## Data extracted from a collection

----

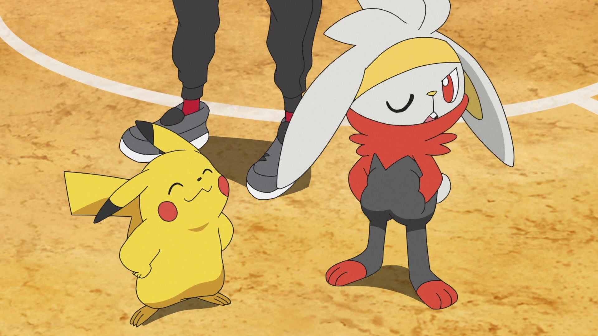 Raichu acaba demostrándoles su poder y estampa a Pikachu contra el techo del recinto. Lo atrapa en el aire con su cola y lo lanza. Raboot abre el ojo.
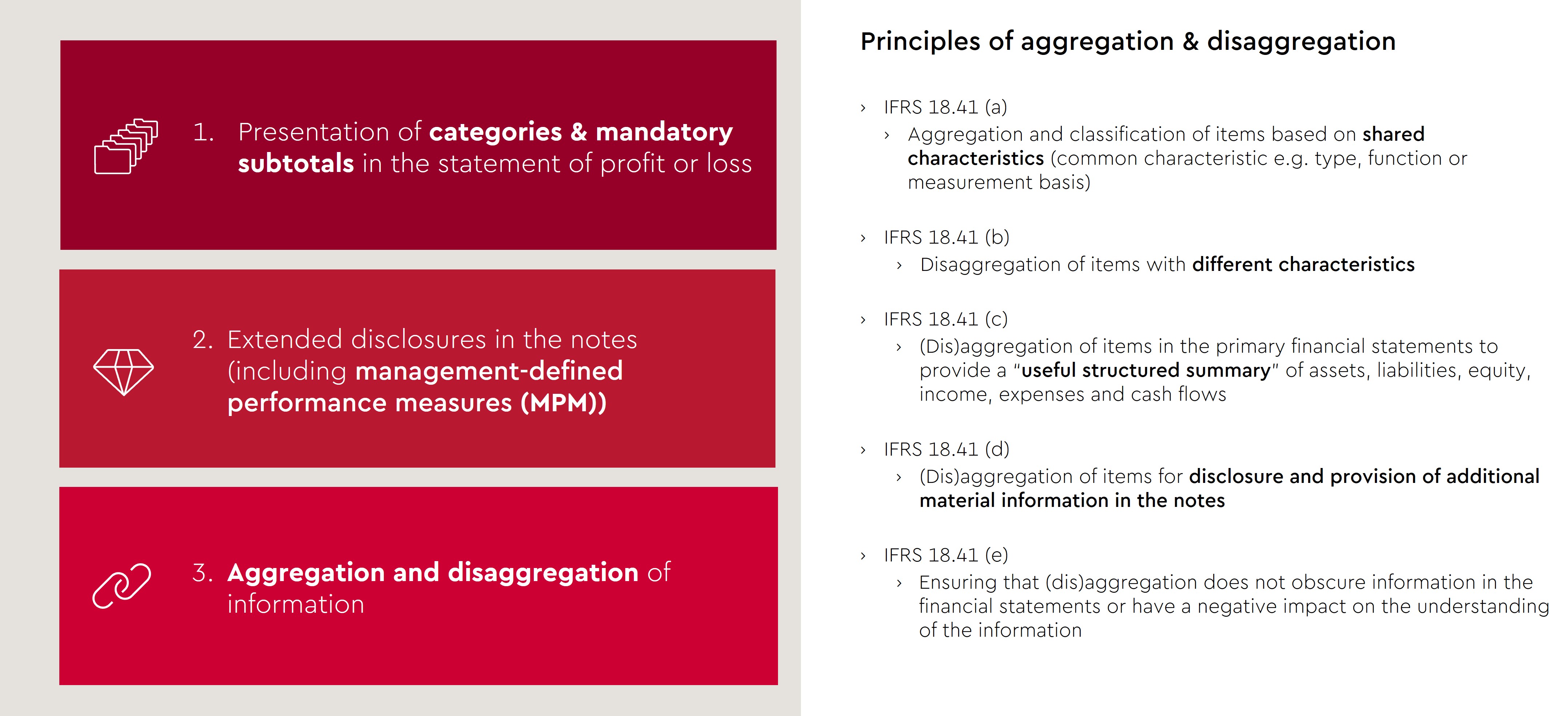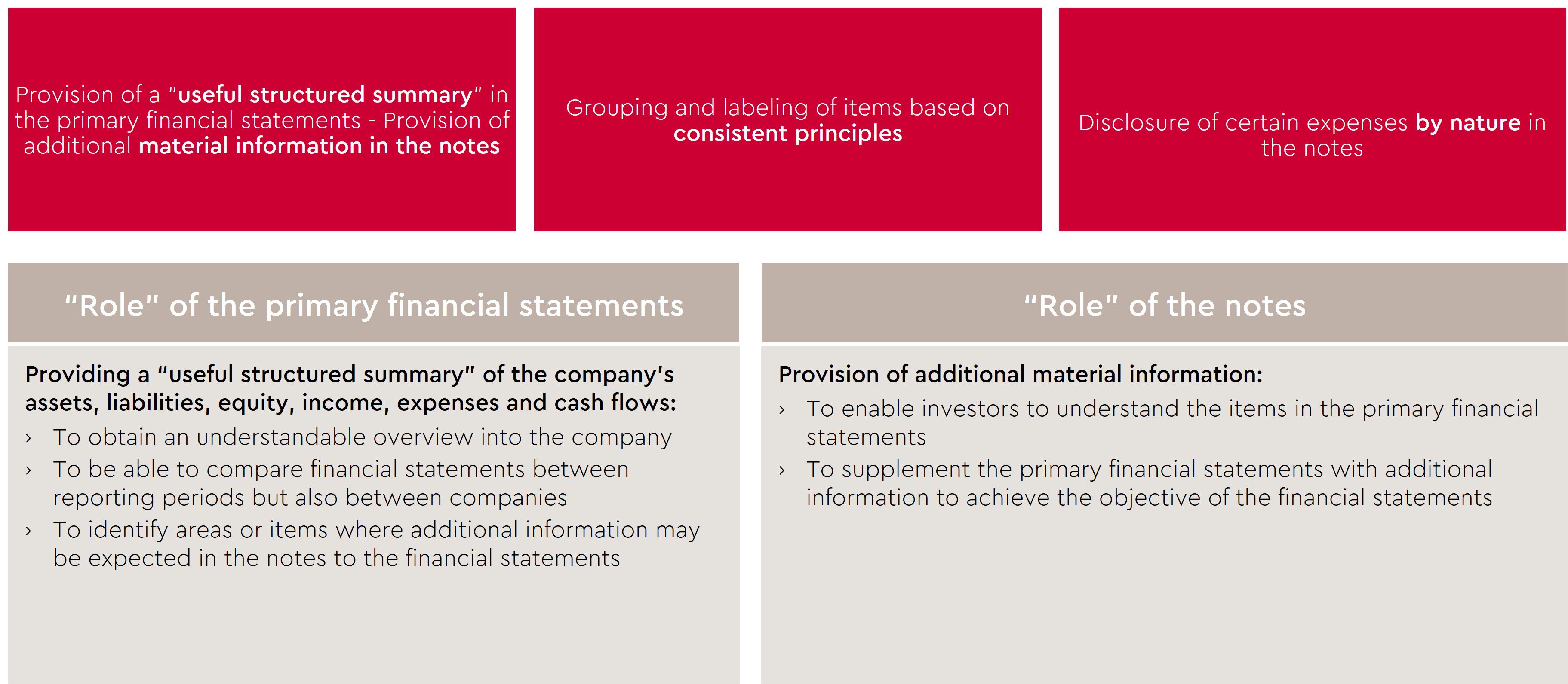 In the future, new principles-based aggregation and disaggregation guidelines for grouping information must be taken into account. This classification is based on common or non-common characteristics of items in the primary financial statements. This includes, among other things, newly defined “roles” for the primary financial statements and for the notes.
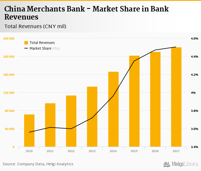 As a result, China Merchants Bank accounted for 4.50% of all bank revenues generated by banks in China in 2017. Historically, the bank’s market share in total revenues reached an all time high of 4.50% in 2017 and an all time low of 3.56% in 2010.
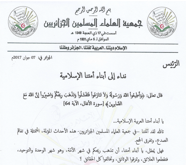 تالله لقد آلمتنا –في جمعية العلماء المسلمين الجزائريين- هذه الأحداث المؤلمة، المتمثلة في تفاقم الصدع، وتفرق الجمع.
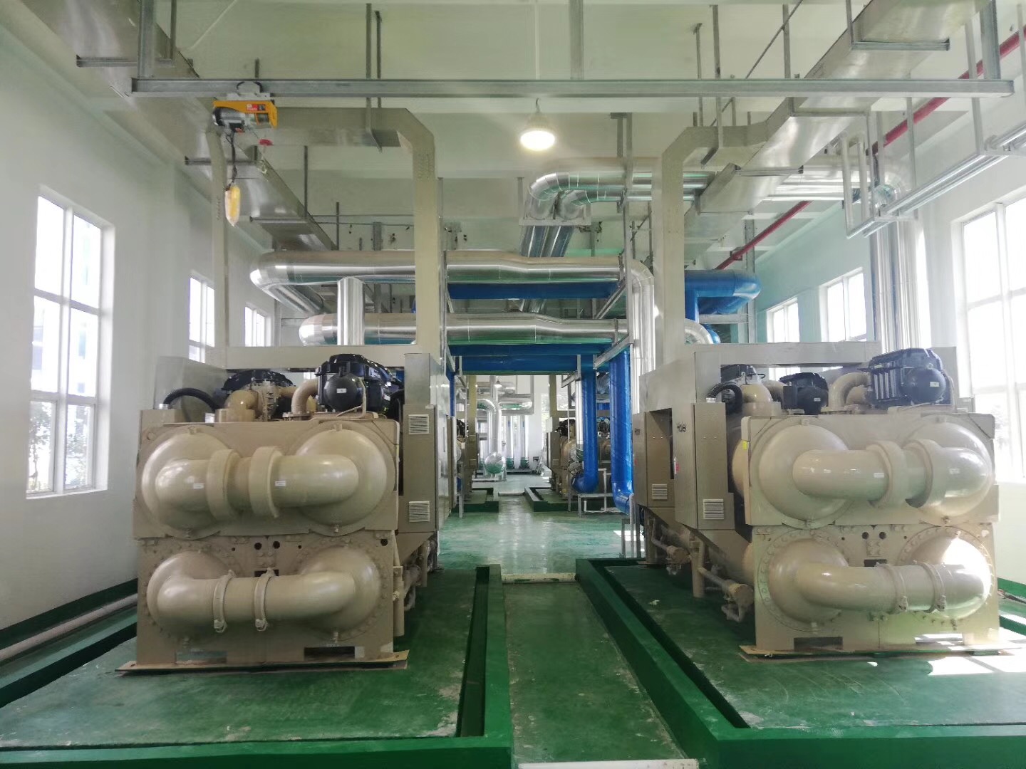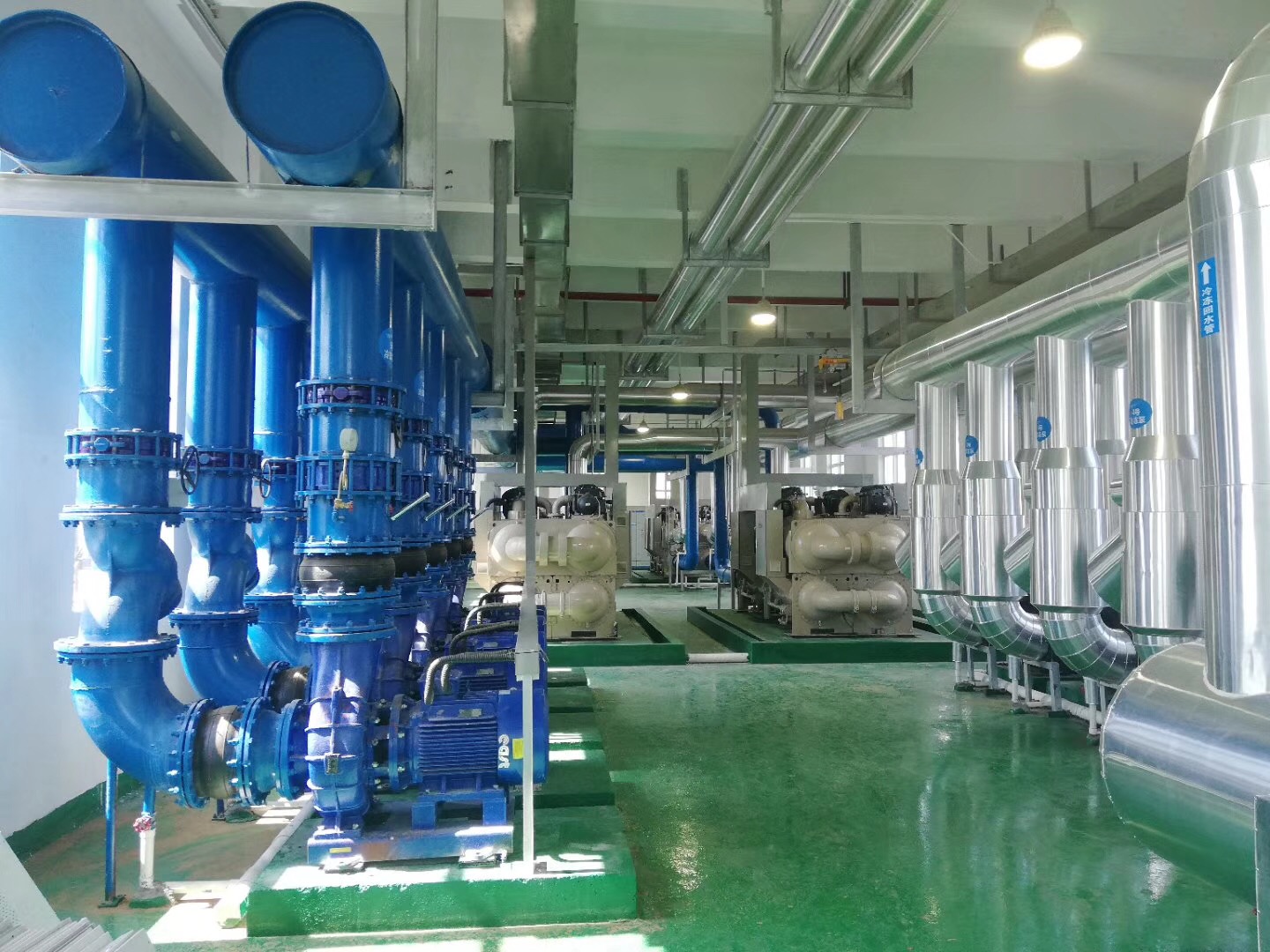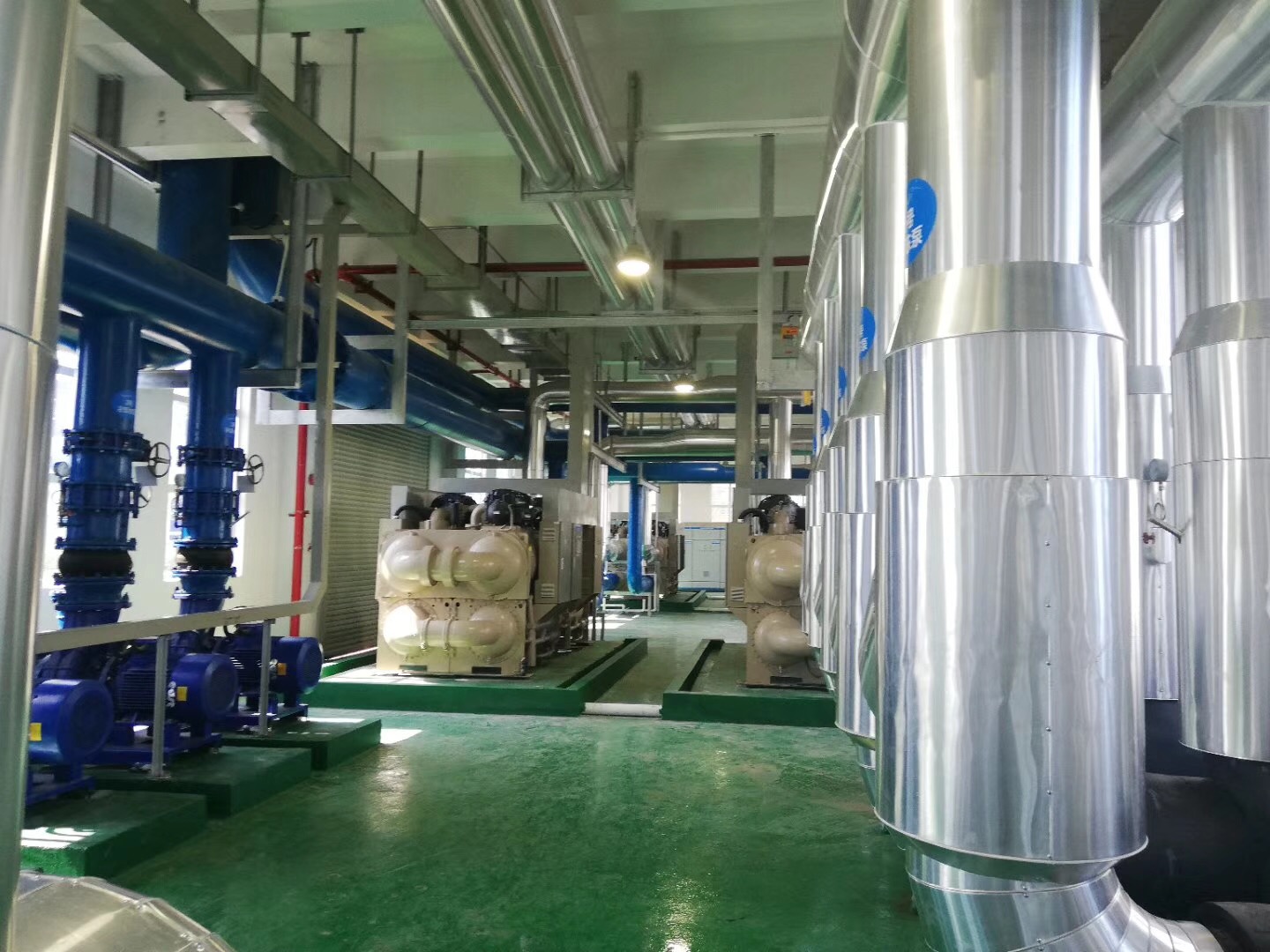 目前,由我司施工的江西吉安中央空调安装项目中设备房里的设备以及水泵部分等已安装完毕

----

## Action item
Take the line that contains "As a result, China" as the first and the last line of the records as the end, and please quote those lines exactly, pictures omitted.

## Exercise response
 As a result, China Merchants Bank accounted for 4.50% of all bank revenues generated by banks in China in 2017. Historically, the bank’s market share in total revenues reached an all time high of 4.50% in 2017 and an all time low of 3.56% in 2010.
 تالله لقد آلمتنا –في جمعية العلماء المسلمين الجزائريين- هذه الأحداث المؤلمة، المتمثلة في تفاقم الصدع، وتفرق الجمع.
 目前,由我司施工的江西吉安中央空调安装项目中设备房里的设备以及水泵部分等已安装完毕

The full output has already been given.